Why does sizeof(a ? true : false, a) operator printed one byte?

Question

According to this question, sizeof(true) or sizeof(false) is 4 bytes because true and false are macros and defined in #include <stdbool.h> header file.

But, here interesting output of program.

#include <stdio.h>
#include <stdbool.h>

int main() 
{
    bool a = true;
    printf("%zu\n", sizeof(a ? true : false, a));
                             /* ^^ -> expresion2 */
    return 0;
}

Output(Live demo):

1

C11 6.5.15 Conditional operator(P4) :

The first operand is evaluated; there is a sequence point between its evaluation and the evaluation of the second or third operand (whichever is evaluated). The second operand is evaluated only if the first compares unequal to 0; the third operand is evaluated only if the first compares equal to 0; the result is the value of the second or third operand (whichever is evaluated), converted to the type described below.110)

Here, a is a bool type and assigned value true, then inside the sizeof operator, the conditional operator executed expression2 because a is a true.

So, comma operator part(expression3) not evaluated according to the standard and expression2 is a macro. So, according to that question, the output of macro is 4 bytes but here, the output of program is 1 byte.

So here, Why sizeof(a ? true : false, a) printed 1 byte only?

Answer 1

a ? true : false, a is two expressions, separated by the comma operator. It discards the result of the ternary operator and evaluates simply to a.

Since a is a bool, which in stdbool.h is a macro for _Bool, you print the size of the _Bool data type. It's more than likely that _Bool is just one byte, since all it needs to hold is the values 1 and 0.

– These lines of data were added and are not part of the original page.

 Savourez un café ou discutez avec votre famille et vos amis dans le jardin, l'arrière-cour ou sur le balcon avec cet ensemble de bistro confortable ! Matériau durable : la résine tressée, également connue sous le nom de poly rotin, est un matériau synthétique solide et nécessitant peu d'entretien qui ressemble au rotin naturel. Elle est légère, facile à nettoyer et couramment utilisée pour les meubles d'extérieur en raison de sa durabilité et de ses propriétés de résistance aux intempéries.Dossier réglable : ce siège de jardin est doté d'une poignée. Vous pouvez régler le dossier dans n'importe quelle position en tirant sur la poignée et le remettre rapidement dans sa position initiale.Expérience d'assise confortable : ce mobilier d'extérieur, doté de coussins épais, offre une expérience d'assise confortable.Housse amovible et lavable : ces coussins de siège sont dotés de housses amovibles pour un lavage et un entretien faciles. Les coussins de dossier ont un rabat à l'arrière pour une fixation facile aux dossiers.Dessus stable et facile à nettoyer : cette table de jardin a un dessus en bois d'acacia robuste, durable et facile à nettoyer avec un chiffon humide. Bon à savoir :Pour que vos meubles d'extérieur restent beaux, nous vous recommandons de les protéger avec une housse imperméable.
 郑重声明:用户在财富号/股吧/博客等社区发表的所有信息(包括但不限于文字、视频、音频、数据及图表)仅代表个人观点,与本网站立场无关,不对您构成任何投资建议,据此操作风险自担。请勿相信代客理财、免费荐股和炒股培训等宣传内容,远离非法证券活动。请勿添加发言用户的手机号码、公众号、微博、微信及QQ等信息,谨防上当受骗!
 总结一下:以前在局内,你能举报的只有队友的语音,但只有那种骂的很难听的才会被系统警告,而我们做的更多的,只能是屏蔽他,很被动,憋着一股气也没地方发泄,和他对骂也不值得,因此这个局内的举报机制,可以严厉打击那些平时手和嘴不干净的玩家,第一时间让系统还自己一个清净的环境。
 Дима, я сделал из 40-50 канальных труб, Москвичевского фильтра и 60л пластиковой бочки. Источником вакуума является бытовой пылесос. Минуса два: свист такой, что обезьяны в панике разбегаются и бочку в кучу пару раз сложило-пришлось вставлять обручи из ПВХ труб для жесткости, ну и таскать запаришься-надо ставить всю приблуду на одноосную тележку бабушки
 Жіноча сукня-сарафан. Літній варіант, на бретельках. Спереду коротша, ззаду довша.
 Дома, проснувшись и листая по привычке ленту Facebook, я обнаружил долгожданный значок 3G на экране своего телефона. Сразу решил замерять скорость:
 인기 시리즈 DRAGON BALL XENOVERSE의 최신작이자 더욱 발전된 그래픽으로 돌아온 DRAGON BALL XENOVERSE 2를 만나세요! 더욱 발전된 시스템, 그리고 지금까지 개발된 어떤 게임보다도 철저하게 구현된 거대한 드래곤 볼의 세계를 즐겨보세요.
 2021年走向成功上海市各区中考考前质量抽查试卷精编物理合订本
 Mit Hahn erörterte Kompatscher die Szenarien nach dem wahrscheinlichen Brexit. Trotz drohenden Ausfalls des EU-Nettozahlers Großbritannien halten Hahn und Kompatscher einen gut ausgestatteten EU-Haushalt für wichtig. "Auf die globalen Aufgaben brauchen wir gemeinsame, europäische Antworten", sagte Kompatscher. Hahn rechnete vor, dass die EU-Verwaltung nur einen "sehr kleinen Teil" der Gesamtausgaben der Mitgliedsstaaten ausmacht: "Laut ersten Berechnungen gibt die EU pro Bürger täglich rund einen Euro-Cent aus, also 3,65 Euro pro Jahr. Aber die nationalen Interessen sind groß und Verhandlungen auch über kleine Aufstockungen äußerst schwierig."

To contrast it with the linked question, there you printed true and false, which stdbool.h defines as preprocessor macros for 1 and 0. The two are int constants, and therefore their size is the size of the int data type.

Answer 2

For starters consider the following simple demonstrative program

#include <stdio.h>
#include <stdbool.h>

int main(void) 
{
    printf( "sizeof( _Bool ) = %zu\n", sizeof( _Bool ) );
    printf( "sizeof( bool )  = %zu\n", sizeof( bool ) );

    return 0;
}

Its output is

sizeof( _Bool ) = 1
sizeof( bool ) = 1

According to the C Standard (7.18 Boolean type and values )

2 The macro

bool

expands to _Bool.

Now let's consider the expression used in the sizeof operator in this call

printf("%zu\n", sizeof(a ? true : false, a));

According to the C Standard (6.5.15 Conditional operator)

Syntax

1 conditional-expression:
    logical-OR-expression
    logical-OR-expression ? expression : conditional-expression

That is the conditional operator has higher precedence than the comma operator.

So this expression

a ? true : false, a

is an expression with the comma operator and can be equivalently rewritten like

( a ? true : false ) , ( a )

The result of the expression is the second operand of the comma operator that is it is the expression ( a ).

As it was shown above this expression has the type _Bool because the variable a is declared like

bool a = true;

where the macro bool expands to _Bool. So sizeof( _Bool ) is equal to 1.

If you will rewrite the conditional operator the following way as it is shown in this call

printf( "%zu\n", sizeof( a ? true : a ) );

then the output will be equal to the value returned by sizeof( int ) (usually equal to 4) because the type _Bool has less rank than the type int (the type of the constant integer literal of the expanded macro true) and as result the expression a will be implicitfly converted to the type int due to the integer promotions.

Answer 3

You are getting 1 because of comma operator used in the expression:

(a ? true : false, a));

Comma operator:

In the C and C++ programming languages, the comma operator (represented by the token ,) is a binary operator that evaluates its first operand and discards the result, and then evaluates the second operand and returns this value (and type).

So, in expression (a ? true : false, a)); because of the comma operator, the result of ternary operator is getting discarded and then it evaluates the second operand and return a. Since a is of type bool so, your program is giving output as sizeof(bool) which is 1.

Try putting brackets around false,a, like this:

printf("%zu\n", sizeof(a ? true : (false, a)));

When you put the expression false, a in brackets (), expression (false, a) will get evaluated first and the comma operator returns a but the ternary operator will evaluate the expression and return true, which is a macro expands to the integer constant 1, and the output of the program will be sizeof(1) i.e. 4.

Answer 4

first statement in Wiki

"In the C and C++ programming languages, the comma operator (represented by the token ,) is a binary operator that evaluates its first operand and discards the result"

so essentially

printf("%zu\n", sizeof(a ? true : false, a));

evaluates to

printf("%zu\n", sizeof(a));

a is of type bool and rest is what you get as output.